The main features of GenCore 6 include:
1. Support for Multiple Sequence Database Formats:
The GenCore 6 package seamlessly supports a wide variety of input sequence database formats. These formats include: FASTA, BLAST (formatdb), GenBank, EMBL, SwissProt, GCG, NBRF, PIR, RAW, IG, PFAM (HMM).
All these formats can be directly accessed by the package with no need for any reformatting process.
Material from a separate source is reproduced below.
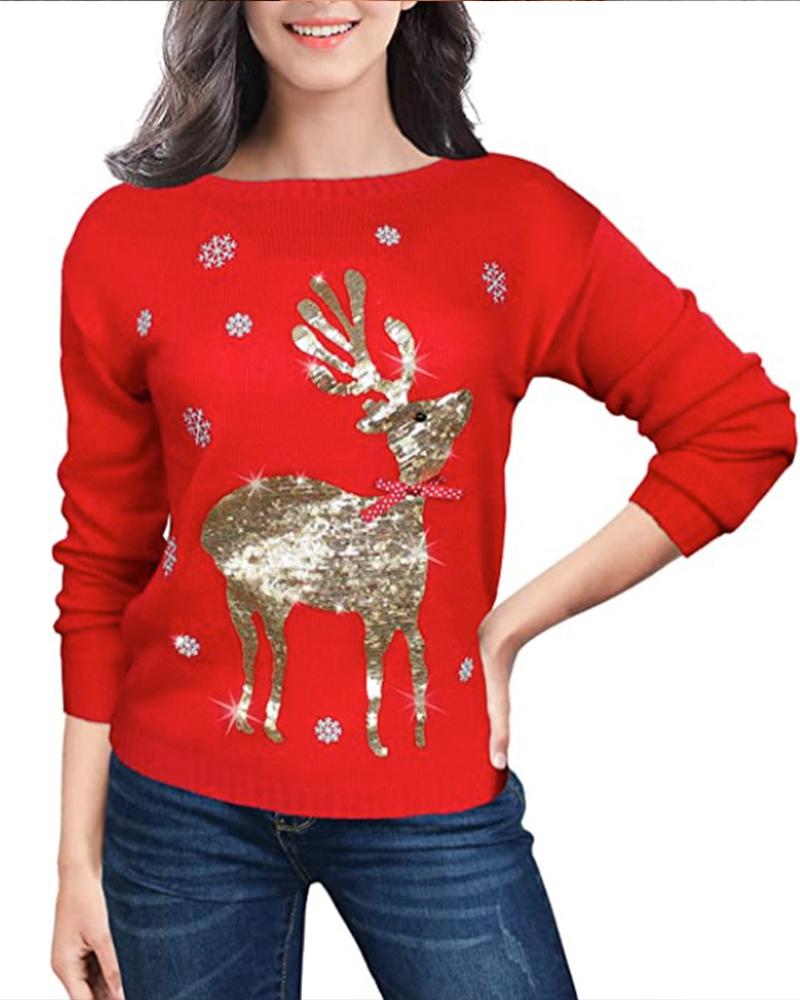 Christmas Snowflake Elk Pattern Long Sleeve Knit Sweater

Furthermore, the package can integrate different database formats through the use of database configuration files and FARM files.
In addition, an optional indexing mechanism, that supports all the above formats, can be used for faster and more efficient access to individual sequences within the various databases.
2. Multi-Query Support:
The GenCore 6 package inherently supports multi-query processing. Multiple sequences, or even a database subset, can be submitted as the search query set. The query can be in any supported database format, as described above.
The software processing engine will divide the query set into small groups and automatically generate a result file per each query sequence.
3. Support for a Rich Set of Search Algorithms and Parameters:
The GenCore 6 package supports a wide variety of search algorithms, including Smith-Waterman, ProfileSearch, ProfileScan, Translated searches, Frame+, ProfileFrame+, HMMsearch, HMMScan, GeneWise.
The package enables full user control over the values of the different search parameters such as gap penalties, comparison tables, translation tables, scoring and normalization methods, and others. If not specified, optimal default values, that can also be customized by the user, are automatically used by the software.
4. Highly Optimized Code provides Significant Speed Improvement:
Through the use of generic or processor specific optimized code for the most popular search algorithms, GenCore 6 provides significant speed improvement relative to standard software implementations. Generic code optimizations provide up to 3-fold speed improvement on almost any processing machine type. Processor specific optimizations were developed for the SSE2 instruction sets, embedded within the Intel Xeon or Pentium-4, and the AMD Athlon 64 or Opteron processors. Such processor specific optimizations provide up to 10-fold improvement on Linux machines with supported processors.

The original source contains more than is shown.